Introduction Fructose & Structure
Fructose is a sugar that can be found in fruits and vegetables. The only naturally occurring ketohexose is fructose (commonly known as fruit sugar). Because of its significantly levorotatory optical rotation, it’s also known as levulose. Fruit sugar, often known as fructose, is a ketonic simple sugar present in many plants, where it is frequently linked to glucose to produce the disaccharide sucrose. Along with glucose and galactose, it is one of three dietary monosaccharides that are directly absorbed into the bloodstream during digestion. Sugar cane, sugar beets, and maize are the commercial sources of fructose. The monosaccharides glucose and fructose are combined in high-fructose corn syrup. One molecule of glucose is covalently bonded to one molecule of fructose in the chemical sucrose. Fructose in all forms, including fruits and juices, is often used to improve the palatability and taste of foods and beverages, as well as to brown various dishes, such as baked products. The annual production of crystalline fructose is estimated to be around 240,000 tonnes.
It aids in the enhancement of the flavour of food and beverages.
Fructose, like other sugars and sugar alcohols, has a higher water solubility. As a result, crystallising fructose from an aqueous solution is difficult.
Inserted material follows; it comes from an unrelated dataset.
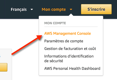 Sélectionnez "Mon compte", puis cliquez sur "AWS Management Console" :

Because fructose is more soluble than other sugars, sugar mixtures containing fructose, such as sweets, are softer than sugar mixes including other sugars.
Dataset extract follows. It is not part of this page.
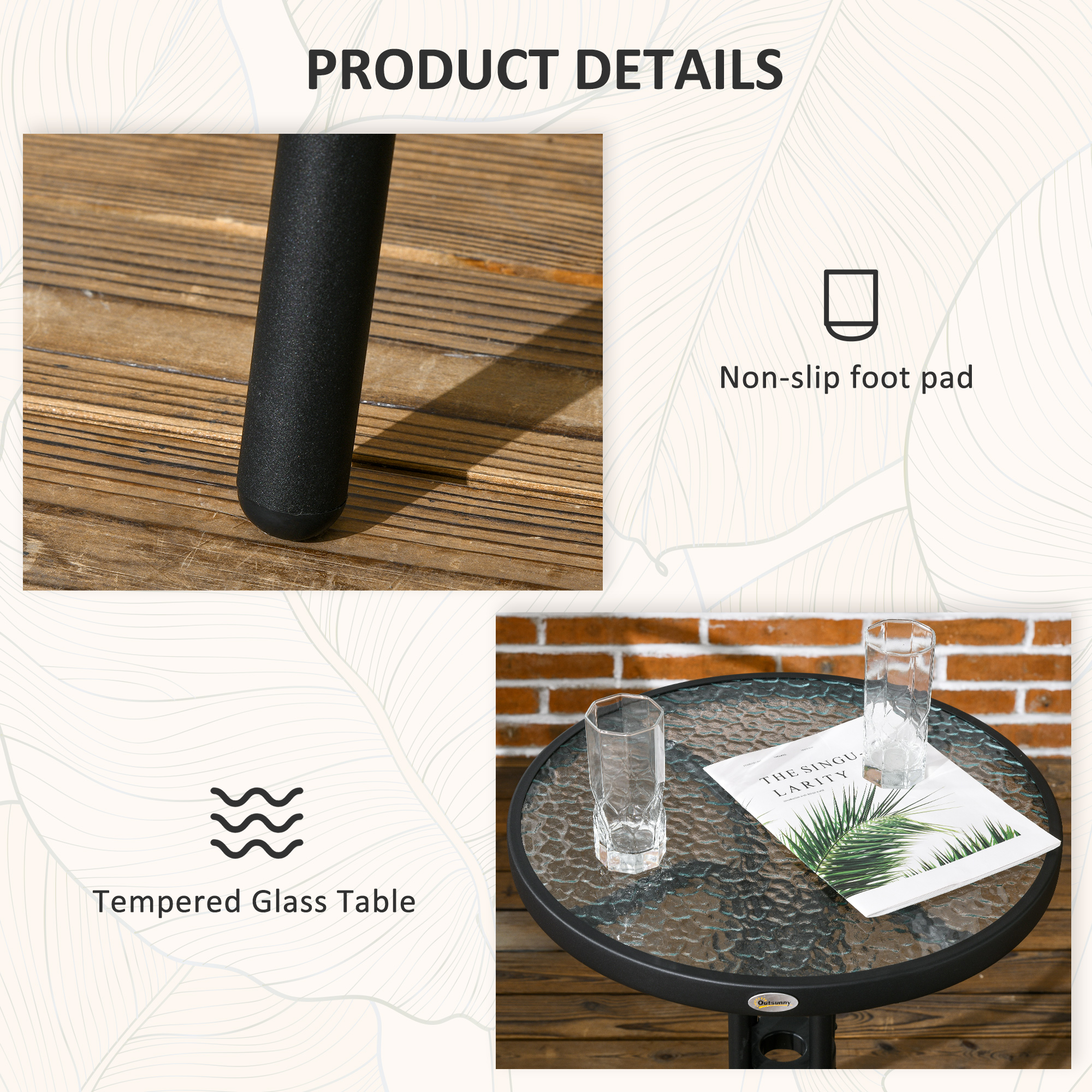 Create your personal oasis with our garden furniture set! This garden bistro set features two trendy leisure chairs and a stylish tempered glass tea table, making it great for relaxation and socializing. Each chair is adorned with a wide seat, firm backrest and armrest, providing a cosy seating experience. Elevate your outdoor space with these bistro table and chairs, adding a touch of fun and leisure to your everyday life. Experience serenity and style like never before!

The structure of fructose is cyclic.
The electrons on the alcohol oxygen are utilised to generate an ether by bonding the carbon in the second location.
The hydrogen is transferred to the carbonyl oxygen to form a new OH bond, giving the keto structure of fructose a ring
Anomeric carbon refers to the carbon at the centre of the hemiketal functional group. Both an ether oxygen and an alcohol group are connected to two additional carbons in the hemiketal group.
It’s a Beta structure if the alcoholic group (OH) is on the same side of the ring as the carbon at position 6. The alcoholic (OH) group at carbon 2 is projected upward due to the cyclic ring structure. If the –OH is on the same side of the ring as the carbon at 6, the ring structure causes the OH at carbon to project downward.
Fructose is a six-membered ring with a –OH group on the carbon at the fourth position in a down projection, whereas glucose is a six-membered ring with a –OH group on the carbon at the fourth position in a down projection.
Fructose is a levorotatory monosaccharide, meaning it rotates plane-polarized light to the left. Fructose has the molecular formula C6H12O6, although it has a different bonding pattern than glucose. Although fructose is a hexose, it exists as a five-member hemiketal ring. In comparison to glucose, the hemiketal ring aids a long metabolic pathway and high reactivity.
Fructose is a monosaccharide, or single sugar, with a chemical formula similar to glucose but a distinct molecular structure. Fruit, some vegetables, honey, and other plants all contain fructose, sometimes known as fruit sugar. Carbohydrates, such as fructose and other sugars, provide the body with energy.
Fructose has a six-carbon linear chain with hydroxyl and carbonyl groups, just as all other simple sugars. However, most of it occurs as two hemiketal rings in crystalline form and in solution: -D-fructopyranose* (top) and -D-fructofuranose* (bottom) (bottom).
Fructose is classified as a ketohexose because it has six carbon atoms (hexose) and a ketone functional group. The ketone group is present at the second carbon position in the linear structure.
Yes, fructose can form isomers such as glucose and mannose. These isomers share the same molecular formula but differ in the arrangement of atoms or functional groups.
Fructose plays a vital role in metabolism as a component of sucrose and is directly involved in the glycolysis pathway. Its structural properties allow it to be a quick energy source.